Потом, позже он спустился вниз, чтобы подкинуть угля в камин, как попросила его мать. Он поворошил уголья кочергой так, чтобы в центре оказались свежие; пока они шевелились и перемещались, охваченные жаром, Томас вглядывался в них и представлял себе там, в глубине, переходы и пещеры ада, где горящие делаются того же цвета, что и пламя. Вот спиталфилдская церковь, пылает, раскаленная докрасна. Тут он в изнеможении уснул, а очнулся от голоса матери и в первые секунды пробуждения не мог понять, где находится.

Череда ясных дней не помогла Томасу воспрянуть духом — яркость его тревожила, и он инстинктивно искал теней, которые отбрасывало зимнее солнце. Спокойствие приходило к нему лишь в час перед рассветом, когда тьма словно медленно уступала дорогу дымке, и в этот самый час он просыпался и садился к окну. Еще он пристрастился к блужданиям: порой он ходил по улицам Лондона, повторяя про себя какие-нибудь слова или фразы, и однажды нашел рядом с Темзой старый сквер, где были установлены солнечные часы. По выходным или ранним вечером он сидел тут, размышляя о перемене, произошедшей в его жизни, а вконец отчаявшись, думал о прошлом и будущем.

Как-то холодным утром он проснулся и услышал кошачий визг, а может быть, человеческий крик; медленно поднявшись с постели, он подошел к окну, но ничего не увидел. Он быстро оделся, причесался и тихо прошел мимо спальни матери — стояла суббота, и она решила, по ее собственному выражению, «поваляться». Было время, когда он залезал к ней в постель и, пока она спала, наблюдал за тем, как в лучах солнечного света, проникавших к ней в комнату, дрожит пыль, однако на этот раз он прокрался вниз по лестнице. Он отворил дверь и переступил порог; когда он вышел на Игл-стрит, стук его башмаков по заиндевевшему тротуару эхом отдавался от домов. Затем он миновал Монмут-стрит и зашагал вдоль церковной стены. Он видел, что кто-то идет впереди него, и, хотя в этом не было ничего необычного — люди в местах вроде этого часто вставали рано и шли на работу, Томас замедлил шаг, чтобы не слишком приближаться. Но когда оба они свернули на Коммершл-роуд, фигура в каком-то темном пальто или плаще тоже как будто замедлила шаг; впрочем, человек не подавал никаких признаков того, что ему известно о десятилетнем мальчике, идущем позади.
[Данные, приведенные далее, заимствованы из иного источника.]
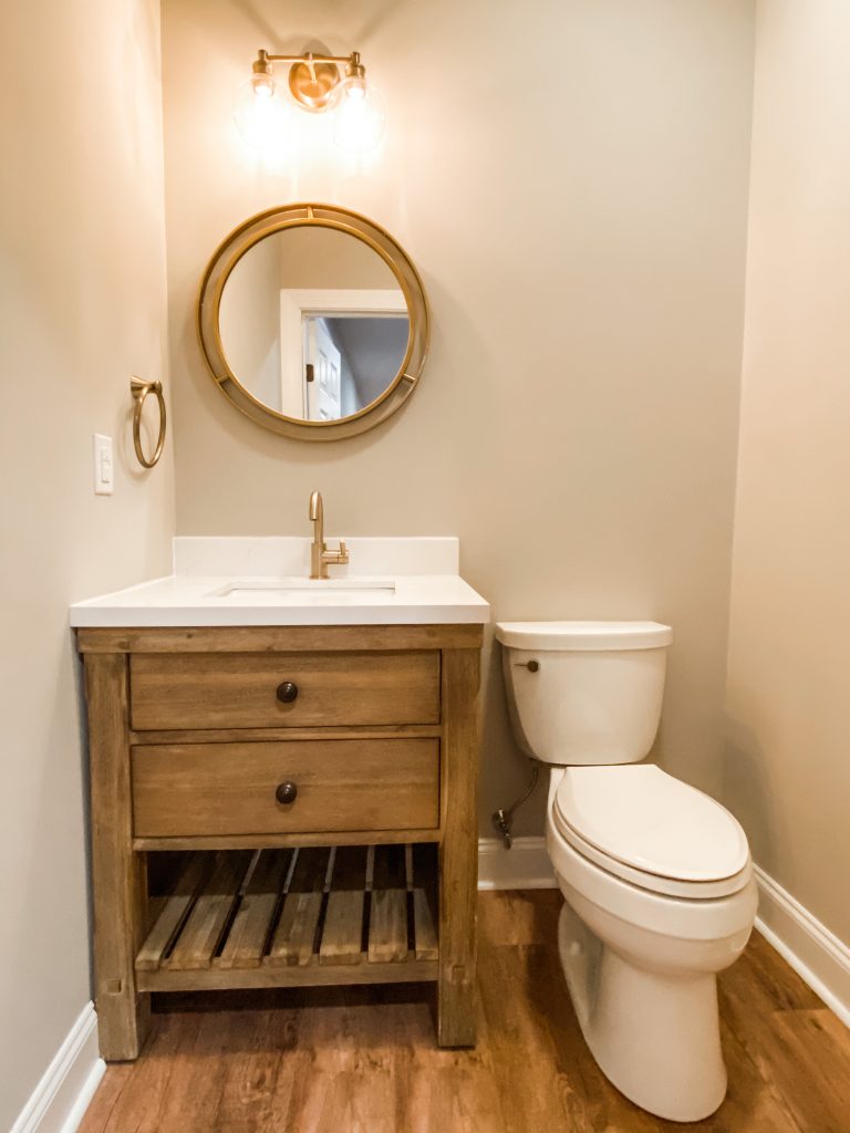 - There is a budget friendly option! This would include adding a powder room to your space. If you’re not concerned about having a bedroom in your newly finished basement, or overnight guests, you can skip the addition of the shower to your basement bathroom. This is a great cost savings option!

Томас резко остановился и сделал вид, будто загляделся на витрину магазина грампластинок, хотя яркие плакаты и глянцевые фотографии, сиявшие в неоновом свете, теперь казались такими же незнакомыми, как случайные предметы, поднятые водолазом с океанского дна. Рассматривая то, что выставлено в витрине, он стоял неестественно тихо и неподвижно, и все-таки через минуту, когда он повернулся и пошел дальше, другой был все так же близко. Томас медленно двинулся вперед, отмеряя шаг за шагом; могло показаться, будто он увлечен известной игрой, когда нельзя наступать на трещины тротуара (а иначе, как говорят дети, твоя мать спину сломает), если бы не его взгляд, прикованный к черному плащу фигуры впереди.
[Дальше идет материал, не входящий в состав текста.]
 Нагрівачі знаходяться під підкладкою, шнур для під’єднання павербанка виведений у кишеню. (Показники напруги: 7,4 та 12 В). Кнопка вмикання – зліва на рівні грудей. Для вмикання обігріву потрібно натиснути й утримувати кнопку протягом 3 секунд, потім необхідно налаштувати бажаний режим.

Над спиталфилдскими домами вставало солнце, тусклый красный круг, подобный глазу рептилии; казалось, человек по-прежнему идет вперед, но в то же время он приближался — Томасу были совершенно отчетливо видны его седые волосы, завитками спадавшие на ворот черного плаща. Тут голова медленно повернулась, и вот перед ним улыбающееся лицо. Томас громко закричал и побежал прочь, наискосок через улицу; он бежал обратно, откуда пришел, снова к церкви, и все это время слышал звук шагов того, кто гнался за ним (хотя, по правде говоря, это могло быть эхо его собственных шагов). Он повернул за угол Коммершл-роуд, а потом, не оборачиваясь, побежал по Табернакл-клоуз — в конце переулка были ворота церкви. Он знал, что сумеет протиснуться через ограду целиком, но никакому взрослому это не удастся; возможно, фигура с Коммершл-роуд еще не повернула за угол, и тогда он, может быть, проникнет незамеченным в саму церковь. Протискиваясь через ворота, он увидел вход в туннель и еще — то, что убранные доски до сих пор не заменили. Туда он и побежал в поисках укрытия. Он наклонился, неуклюжий и запыхавшийся, полез в сырой проем; ему снова послышалось движение за спиной, и он в панике рванулся вперед, не дожидаясь, пока глаза привыкнут к темноте. Он не знал, что перед ним ступеньки, и полетел вниз; нога под ним подвернулась, он растянулся у подножия лестницы и, лежа там, едва успел ухватить взглядом свет из отверстия лаза, который тут же исчез.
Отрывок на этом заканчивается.